I flailed along paddling for over 16 years in the world of dragon boating. I had the same issues in my stoke for many years. And I had the same results.
Without the stages of training within a cycle of progression we stay the same. So what kept me stuck? Ego. I thought I was good. And, within the comfort of my team, I was. But I was no longer coachable. And, I must have been good enough cause coach stopped correcting me, right? I had embraced being “good enough” thinking the coaches direction was for the new paddler. Little did I realize that the reason the coach stopped coaching me is I had become uncoachable.
What did being uncoachable look like for me?
- I did what was required but never gave more than anyone else
- I started bench coaching others
- I questioned coach decisions when they didn’t align with my wants
- I felt my talent was mine, not a result of the coaching I received
- I did the training that suited me, not the club program
I had become a big fish in a small pond. I liked being that fish, it was safe, it was easy, it validated how I felt about myself as a paddler. It was a form of denial of my skill level, my commitment to the sport and my ability to see myself as anything other than a good paddler.
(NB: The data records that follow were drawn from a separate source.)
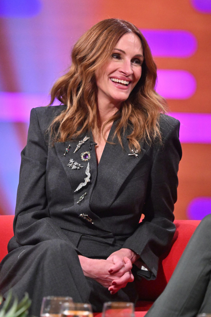 U pitanju su elegantna odela u vidu zvonastih pantalona i strukiranog sakoa, užeg modela i to najčešće u sivoj boji. Nedavno je ponela upravo takav autfit, sako je bio zakopčan, a po njegovom reveru bio je čitav red broševa.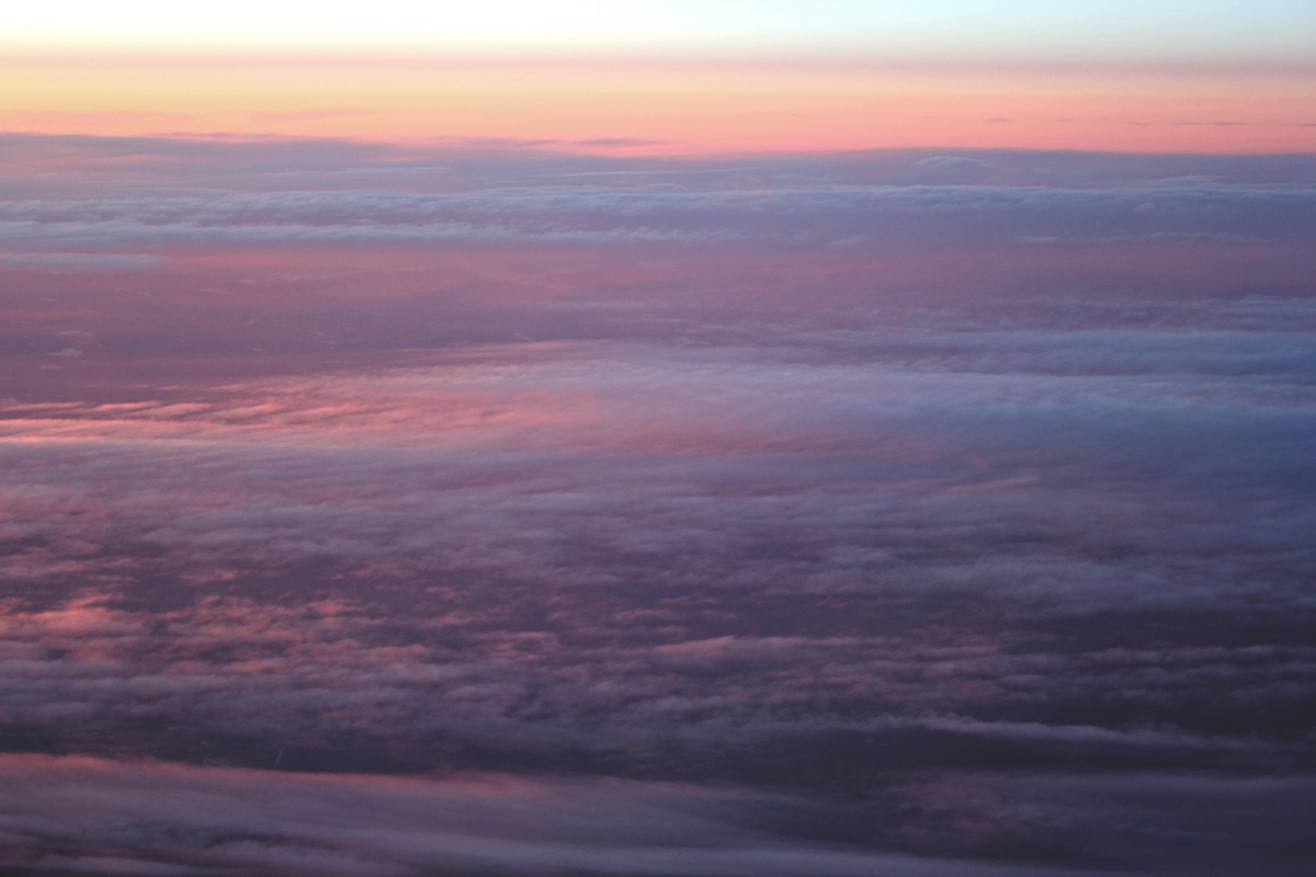 Через полчаса Гренландия закрылась плотным слоем облаков. Даже как-то скучновато. В первый момент всегда впечатляешься белой пушистой перине, а через некоторое время взгляд привыкает и начинает искать, за что бы ему зацепиться. Это как с едою – если два дня подряд кушать только пирожные, на третий день душа начинает просить сосиску с хреном. Кстати, сосиска была бы очень хороша, даже две, или три. Кофе от щедрот АДП давно усвоился организмом, котлетный бюджет мы освоили еще в начале полета и к середине пути утешались морковочками, припасенными еще в Таллине, с осознанием того, что обеда не предвидится. На второй трети пути облака открыли нам океан.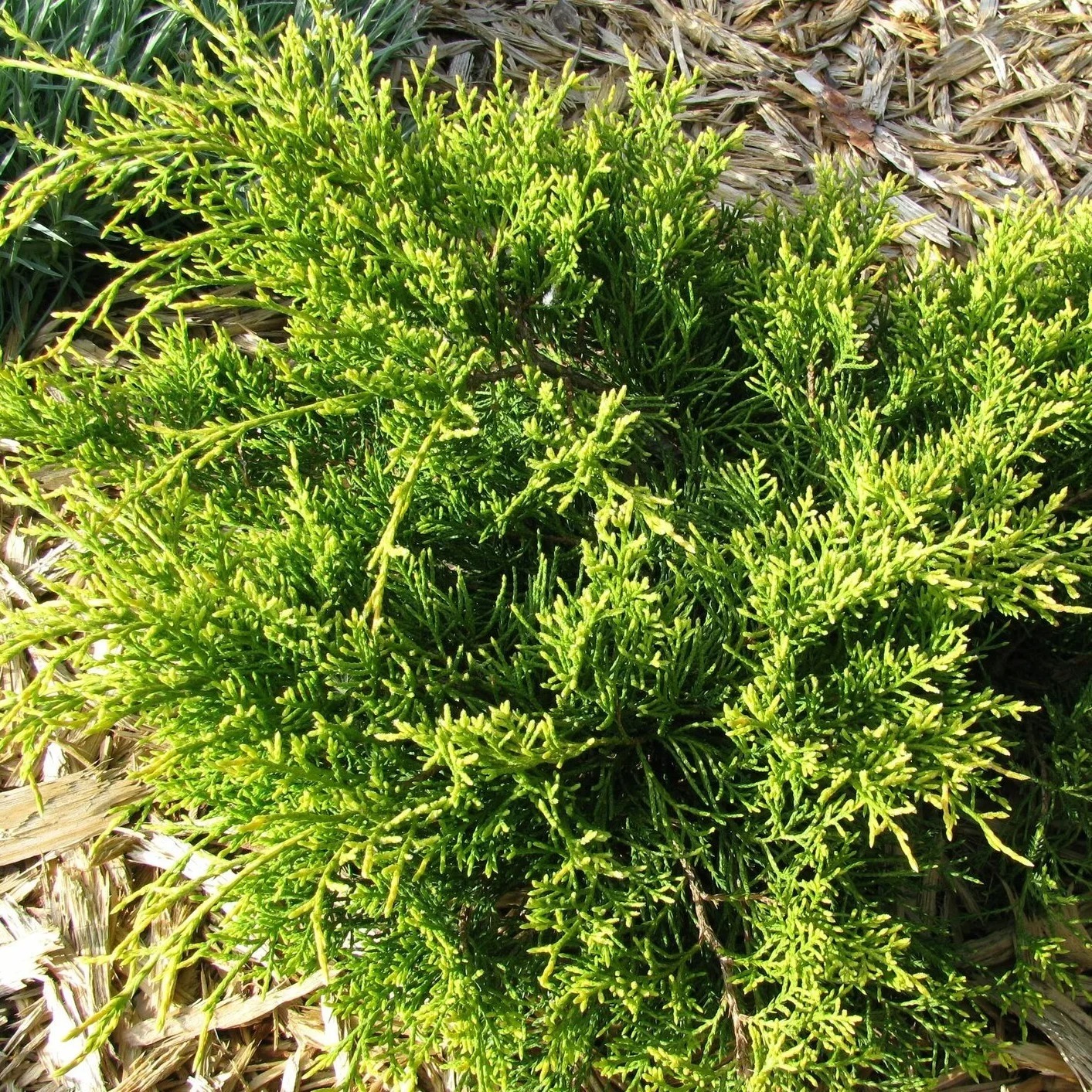 Можжевельник Mordigan Gold - очень широкий распластанный сорт до 1,2 м высоты при ширине 2 м. Ветки горизонтально распростертые, с поникающими концами. Хвоя в основном игловидная, на ростовых побегах полу-прижатая, желтовато-зеленая, весной ярко-желтая.

I went to practices, did what was asked and did the drills but I was not progressing in any way. I had that dam chicken wing for 14 years!!!
I have coached people like myself who I am still correcting the same issues after 5 years. This tells me that athletes are stuck in the rut of being a “GOOD enough”. The only way out of the rut is to:
- Do the club programs, as laid out, without question and without fail, consistently
- Leave the club/team and find a coach who inspires you to change
- Attend camps and clinics to see yourself in comparison to others
- Get video review, it doesn’t lie
- Go to selection camps to see how good you really are
- Go to selection camps to see how many opportunities a coach offers for change to take place
So if we want to be better a GOOD athlete we probably don’t have to change a thing. If we want to be a top athlete, we have to train in progression within a program intended to make lasting change that challenges and evolves our fitness, skills and mindset!
Why Programs? Step by step processes build energy where undisciplined or scattered attempts may teach you skills but progressions is the development that leads to change. Peaking and reaching potential happens in a systematic approach with training in cycles towards a goal.